Ein weiteres nettes Beispiel liefert der Regierungsfunk ORF, auf deren Homepage man zu den aktuellen Studentenprotesten folgendes lesen kann:

Die Österreicher sind in der Frage, ob die Studentenproteste gerechtfertigt sind, gespalten: Der Anteil der Befürworter (44 Prozent) und der Gegner (36 Prozent) ist in etwa gleich hoch.

36 Prozent ist also in etwa so viel wie 44 Prozent. Ich freue mich auf die nächste Wahlberichtserstattung, bei der drei wohl Parteien “etwa gleich viel” Stimmen bekommen werden.

Wie auch immer.

Uni brennt!!!1

Vor 8 Tagen begann der mittlerweile bundesweite Protest der Studierenden, die allermeisten Unis, zumindest alle wichtigen (wer braucht schon Leoben?!) solidarisieren sich und treten gemeinsam gegen Bildungsabbau auf. Neu mag sein, dass es dieses Mal nicht nur Studenten sind, sondern es quer durch die Gesellschaft Solidaritätsbekundungen gibt (Grüne, ÖGB, Schüler, diverse Rektoren,…).

Man kann es kaum glauben, aber sogar die ÖH zeigt sich solidarisch. Zumindest auf dem Papier. Obwohl die Bundesvertretung zur Zeit von der den Grünen nahestehenden Fraktion GRAS geführt wird, will man sich nicht so wirklich engagieren. Ein schwerer Fehler, wie sogar der ehemalige Vorsitzende Martin Faißt (ÖVP – AktionsGemeinschaft!!!!) hinweist. Das muss man sich mal auf der Zunge zergehen lassen: Ein eigentlicher “Hände falten, Goschen halten” (ÖVP) Anhänger sagt einer grünen Vorsitzenden, dass sie schon bisschen mehr Einsatz zeigen könnte.
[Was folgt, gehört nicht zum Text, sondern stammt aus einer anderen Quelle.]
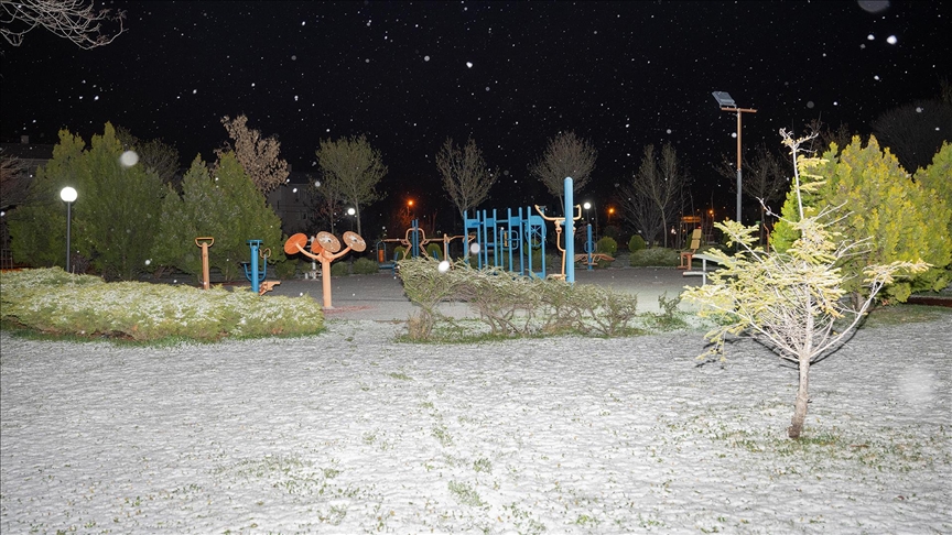 Yağış nedeniyle bazı park ve sokaklar beyaz örtüyle kaplandı.
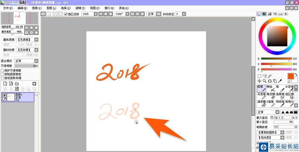 6、另外,如果用的是不彩畫筆,要調整畫圖時的圖像透明度,那么就可以通過拉動那個灰色條,增加水分量,也能實現圖像透明度調整后的效果。
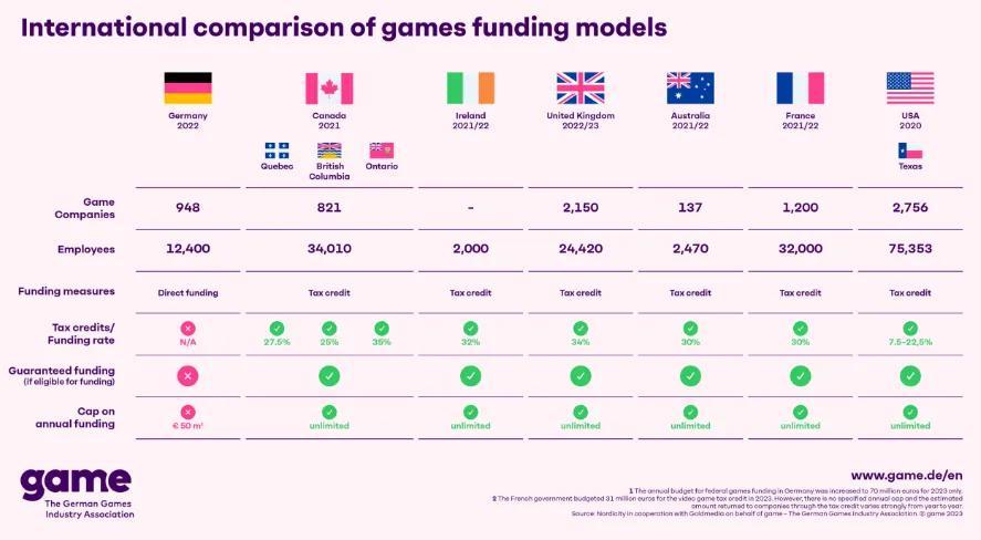 相比之下,新政府的態度更加明確、積極,這也讓德國遊戲行業有望與國際化的稅收激勵機制對齊。縱觀歐美各國,對於本土遊戲行業的支持,除了真金白銀的財政資助,通常也會配合以稅收優惠。
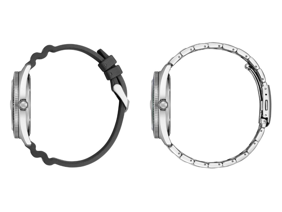 Citizen AW188 采用 J810-00M Eco-Drive 机芯,动力储备 240 天。这款指针式石英表有三个时针、分针和秒针,每月精确度保持在 15 秒以内。其他功能包括基本日期显示和 10 bar 防水。

Der Regierungsfunk ORF hat natürlich auch schon längst angefangen, zu “berichten”. Nachdem im Hörsaal 1 der JKU Linz laut orf.at gestern angeblich “ca. 20 Studenten” anwesend waren (nach eigener Zählung waren es ab 16:00 niemals weniger als 50 auch wenn gerade Flyer verteilt und/oder eine Rauchpause gemacht wurde), berichtete ZIB 2 von der Großdemo in Wien mit “zeitweise bis zu 10000 Beteiligten”, was eine Verkleinerung der (wie unter der Hand offen zugegebenen) viel zu geringen offiziellen Angabe der Polizei. Die Veranstalter gaben selber 40000 an, inoffiziell sprach die Polizei selbst von 35000. Der Demo-Zug war laut Standard.at 2km lang. Selbst die konservative Presse spricht immerhin von “über 10000″. Witzig ist in diesem Zusammenhang auch folgendes Bild von orf.at:

Bildschirmfoto

Utopische Forderungen also. Bildung statt Ausbildung. Ja, wo kämen wir da hin?! Mehr Mitbestimmung! Ja kanns das denn geben?!! Da könnte man ja gleich verlangen, den Faschisten-Dollfuß aus dem ÖVP-Klub abzuhängen!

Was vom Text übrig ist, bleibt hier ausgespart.